A wafer fab clear room at a Hua Hung Semiconductor facility. Photograph: Handout alt=A wafer fab clear room at a Hua Hung Semiconductor facility. Photograph: Handout>

“Regardless of potential dangers, China is actively growing funding to ramp up foundry capability, partly as a consequence of its efforts to alleviate the impression from [US] export controls,” the affiliation mentioned within the report. Chinese language chip makers together with Nexchip, SiEn (Qing Dao) Built-in Circuits Co, and reminiscence chip maker ChangXin Reminiscence Applied sciences, are all increasing.

The funding tempo has already triggered overcapacity considerations, with Washington firing the primary salvo. The Biden administration will apply tariffs to US$18 billion value of Chinese language imports, together with a 50 per cent hike on semiconductor imports from China beginning subsequent yr, to guard the native US chip business.

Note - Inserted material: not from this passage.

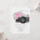 Um convite para aquarelas com uma câmera embelezada por um aglomerado de flores cor-de-rosa. Perfeito para aniversários, graduações e muito mais. (Vetor criado por orquidart - www.freepik.com).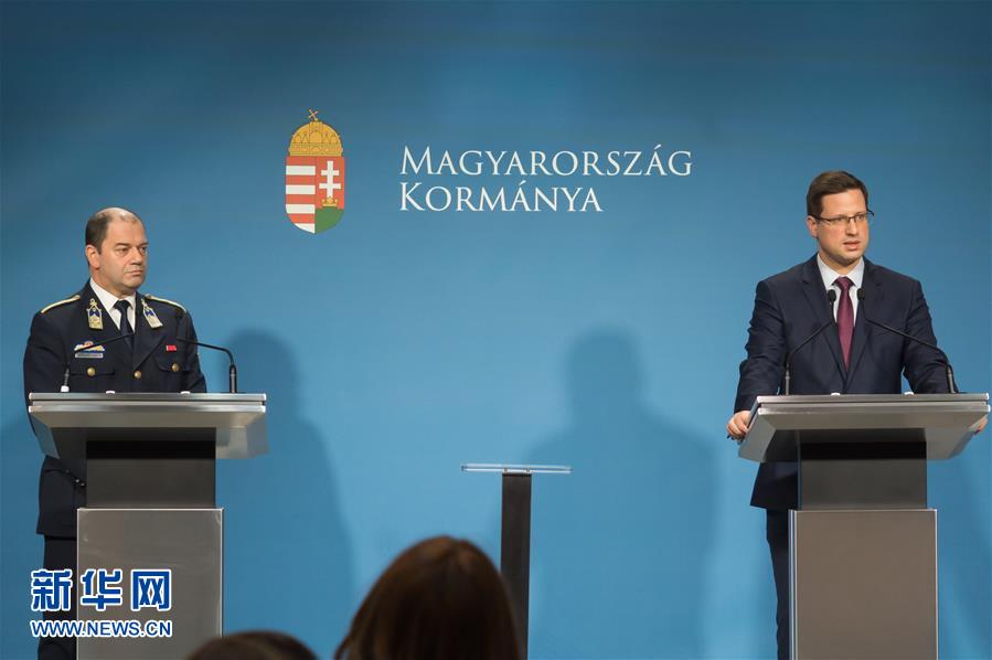 3月11日,在匈牙利布达佩斯,匈牙利总理府部长古亚什·盖尔盖伊(右)在新闻发布会上讲话。新华社发(弗尔季·奥蒂洛摄)

“Chinese language producers had been stockpiling [chip-making] instruments in 2023,” Boris Metodiev, a senior semiconductor manufacturing analyst at TechInsights, mentioned throughout a latest webinar. “Unprecedented demand in China meant that wafer fab tools gross sales in China hit an all time excessive.”

Metodiev famous that gross sales of semiconductor wafer fab tools in China final yr surged 48 per cent towards a worldwide development charge of 1 per cent. “This implies if you happen to exclude China from the equation, all the opposite areas really declined 15 per cent,” he mentioned.

The growth comes after China’s semiconductor sales dropped for 2 years in a row amid a sluggish financial restoration after Beijing abruptly ended its draconian zero-Covid-19 coverage in late 2022.

Analysts have warned that China’s ongoing growth plans will result in manufacturing overcapacity over the following two years, doubtlessly undercutting costs if Chinese language fabs begin promoting on the worldwide market.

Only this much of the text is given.